You probably think about your browser for a couple of minutes a day, tops. After all, it mostly just sits there getting on with its job, while you get on with yours.

Zara Baxter | Thursday, March 31 2011 | 1 Comment

Product type: Web browser
Editors rating: Editor's rating: 4.5

Opera 11

Contact: opera.com

AT A GLANCE
  • Finally adds extensions
  • Fast and responsive
  • Feels a little fiddly or fussy at menu level

Powerful and fast, but navigating the interface may be offputting at first.

Editor's rating: 4.5

You probably think about your browser for a couple of minutes a day, tops. After all, it mostly just sits there getting on with its job, while you get on with yours. But Firefox 4 is just around the corner and Internet Explorer 9 has launched – time to think about whether your current browser is right for you.

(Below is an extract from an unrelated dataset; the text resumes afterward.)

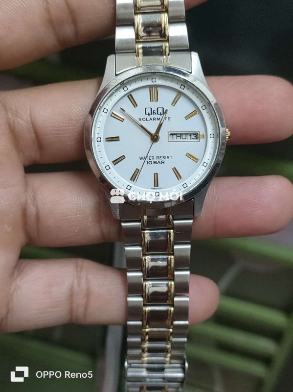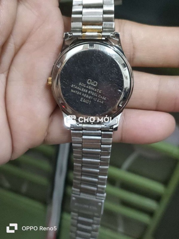 Đồng hồ Q&Q Solarmate EM01 unisex, thiết kế trẻ trung, năng động. - Chất liệu thép không gỉ bền bỉ. - Màu bạc, vàng demi sang trọng. - Chống nước 10 BAR, thoải mái sử dụng hàng ngày. - Size mặt 35mm..2 lịch góc 3h.. - Giá bán : 400k

Opera has long been known as a browser that sticks assiduously to web standards, even while others cheerfully follow slightly wayward versions of web mark-up. Now, however, former disadvantages for browsers like Opera – such as widespread use of ActiveX controls – have pretty much vanished, leaving the playing field level.

Opera is definitely worth a try on your phone, where the mobile version kicks proverbial butt. But what about the standard version (PC, Mac, and Linux)?

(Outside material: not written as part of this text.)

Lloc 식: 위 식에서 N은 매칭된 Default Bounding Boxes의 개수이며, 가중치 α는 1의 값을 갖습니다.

Several years ago Opera had features I wanted that other browsers didn’t offer: tabbed browsing, mouse-gestures, ‘speed dial’ screen of most popular websites, forward button, and even a built-in torrent client. One thing Opera still has exclusively is ‘Paste and go’ (ctrl-shift-V), which simultaneously pastes text into and launches the address bar - which adds several minutes of productivity to my day.

Version 11 adds easier mouse gestures – you can now hold down the right click button of your mouse to see an overlay of the key mouse gestures available. Then just use a flick of your wrist to take action, whether to open a new tab, forward, or follow more advanced sequences of gesture-based navigation.

Extensions – there were around 400 at the time of writing – finally provide Opera with a tool it’s been missing compared to its major competitors. Installation is simple, and the extensions ‘store’ is easy to navigate. I liked the Translate extension to switch languages on the fly, as well as To-Read Sites, which provides a handy place to stack pages I want to save for later.

Also enhanced and updated is behind-the-scenes support for HTML 5, CSS3 and encoding (incorporated into Opera’s ‘Presto’ rendering engine). These help make Opera fast to load tabs, windows and pages.

My favourite change, though, has to be tab-stacking, which groups my always-innumerable tabs, simply by dragging and dropping them on top of each other. This allows me to quickly convert my 30+ open tabs into four or five sets, then access individual tabs just by clicking a drop down arrow next to the top tab in the group. I like that you can reorder tabs within a stack, but I wish there were easier ways to work with the stacks, such as to pin all or close all.

And it’s at this point that I realise that while Opera is full of nifty features, it often implements them in ways that make me want even more. The developers at Opera work to make Opera everything you could ever want in a browser, but the result sometimes makes it too difficult to remember all the nifty aspects that really should win people over.

As a result, it’s a tinkerer’s browser; fantastically customisable – if you spend time with it, and hide the bits you don’t use – fast, sleek, stable and a comfortable fit for your personal browsing preferences. Sadly, however, many of us don’t have the time to spend to learn all its features, and it’s a shame, because Opera rewards the extra effort.

It will take me a couple of months to see if it displaces Chrome, my current browser of choice, but I definitely want to give it the opportunity to do so. I hope some of you will, too.
1 Comment
old logo Why are you using the old opera logo on the homepage, they changed it to a much nicer looking one a while go?